Multi-bid leasing can help insulate from market fluctuations, says Fleet Operations
The call comes from Fleet Operations as it highlights Office of National Statistics (ONS) figures indicating used car values fell 5.6% year on year in February.
In response, Fleet Operations said warned of the impact of any possible downturn in the residual value for fleets using contract hire, as well as outright purchase or lease finance agreements, as leasing providers adjust their offers to take account of the continuing fall in used-car values.
“Leasing providers do take residual value forecasts into account when determining the cost of agreements but this can only go so far in the face of a continued decline of used-car values,” explained Ross Jackson, CEO of Fleet Operations.
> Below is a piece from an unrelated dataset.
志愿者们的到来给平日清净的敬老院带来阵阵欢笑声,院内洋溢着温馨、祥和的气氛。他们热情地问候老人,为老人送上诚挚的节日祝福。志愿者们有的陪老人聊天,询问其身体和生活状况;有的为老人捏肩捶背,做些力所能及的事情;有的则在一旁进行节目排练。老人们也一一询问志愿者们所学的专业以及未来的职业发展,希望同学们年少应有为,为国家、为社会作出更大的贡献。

“It is important to note that residual values are not universally agreed and different leasing providers will apply different values to the same vehicle. In some cases we have seen discrepancies of up to £2,000.
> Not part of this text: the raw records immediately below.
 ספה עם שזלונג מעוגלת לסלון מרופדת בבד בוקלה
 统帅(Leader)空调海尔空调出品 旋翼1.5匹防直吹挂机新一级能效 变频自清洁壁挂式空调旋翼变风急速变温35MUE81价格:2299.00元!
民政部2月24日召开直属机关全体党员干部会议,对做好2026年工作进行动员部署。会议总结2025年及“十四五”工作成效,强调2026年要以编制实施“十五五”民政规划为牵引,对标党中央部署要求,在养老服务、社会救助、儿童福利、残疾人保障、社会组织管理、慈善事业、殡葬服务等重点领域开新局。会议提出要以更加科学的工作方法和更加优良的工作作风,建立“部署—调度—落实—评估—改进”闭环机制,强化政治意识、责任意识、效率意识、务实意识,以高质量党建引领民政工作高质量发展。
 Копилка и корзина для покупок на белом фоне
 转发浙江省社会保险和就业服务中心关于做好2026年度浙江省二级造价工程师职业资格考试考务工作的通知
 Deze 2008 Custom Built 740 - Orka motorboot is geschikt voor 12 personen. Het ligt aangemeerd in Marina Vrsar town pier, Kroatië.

“This means leasing costs will rise at different times, so companies can mitigate the effect of market fluctuations by using a multi-bid approach, which means they are not tied into a sole-supply agreement that requires them to buy new vehicles at a price set by a single provider. Instead, when adding new vehicles, their specifications can be put out to the market in order to obtain the most competitive price”
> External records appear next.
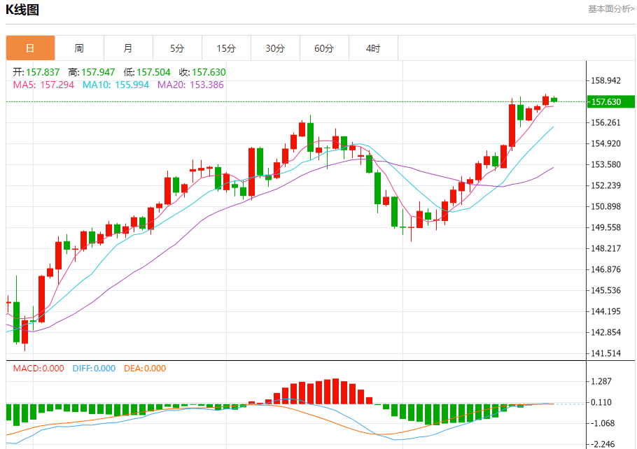 汇价高见157.947,低见157.504。上一交易日,汇价收于157.926。
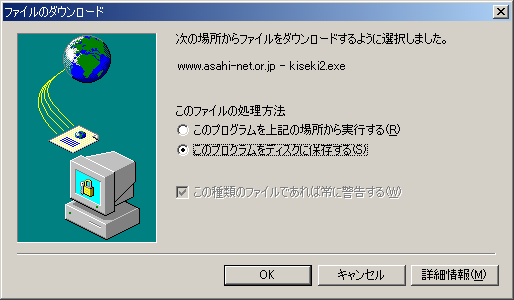 kiseki2.exeをダブルクリックしてファイルを自動解凍します。 |
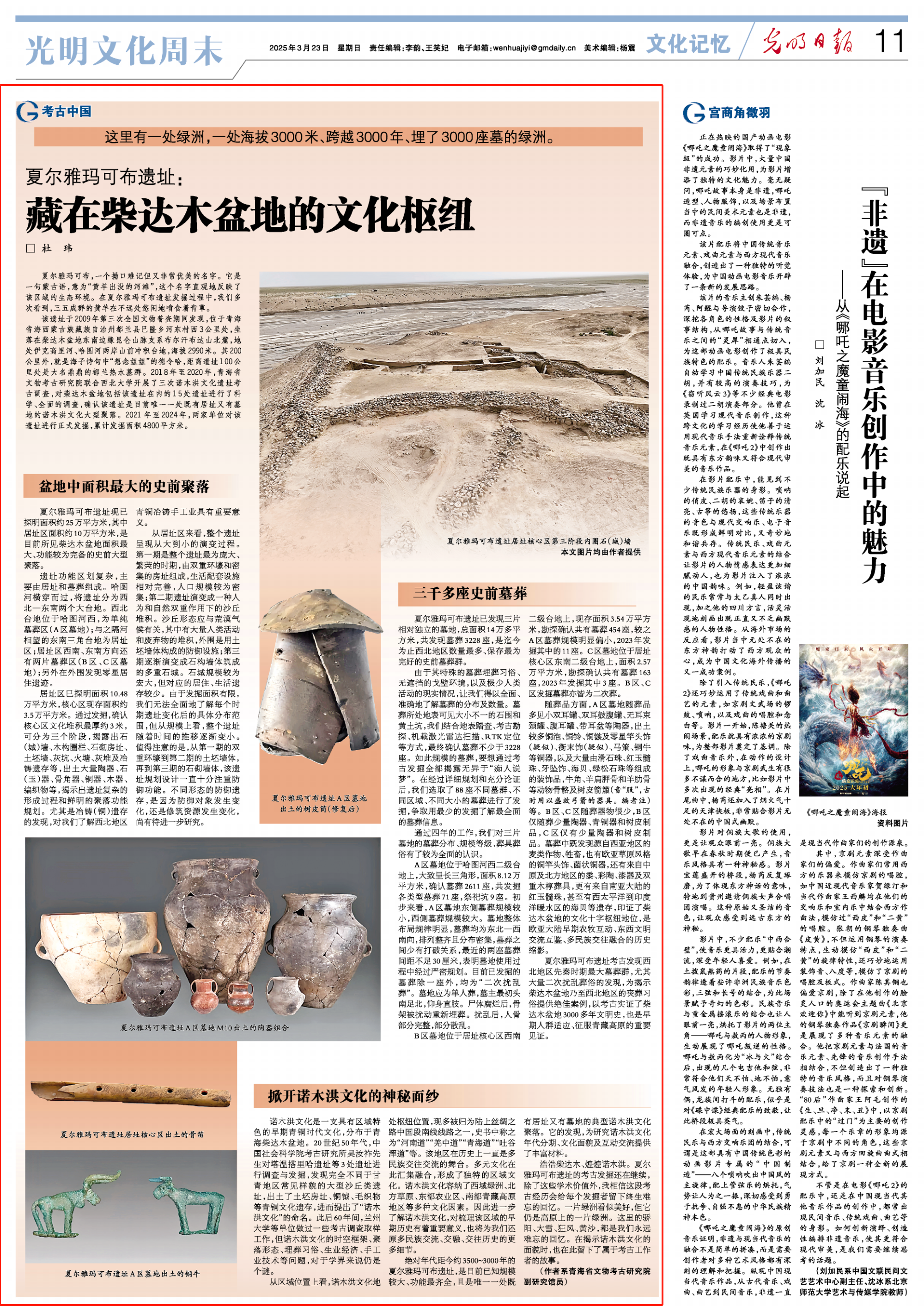 绝对年代距今约3500~3000年的夏尔雅玛可布遗址,是目前已知规模较大、功能最齐全,且是唯一一处既有居址又有墓地的典型诺木洪文化聚落。它的发现,为研究诺木洪文化年代分期、文化面貌及互动交流提供了丰富材料。

Multi-bid leasing allows operators to benefit from the lowest possible lease costs by searching for the best price on every vehicle in their fleet from different suppliers.
Each time a new vehicle is specified, the details are provided to a panel of approved and vetted leasers, which will each submit their best and final bid on every order.
It ensures there is a competitive bidding environment on every vehicle over the life of a contract and mitigates the effect of factors such as economic downturn or interest rate fluctuations on leasing costs.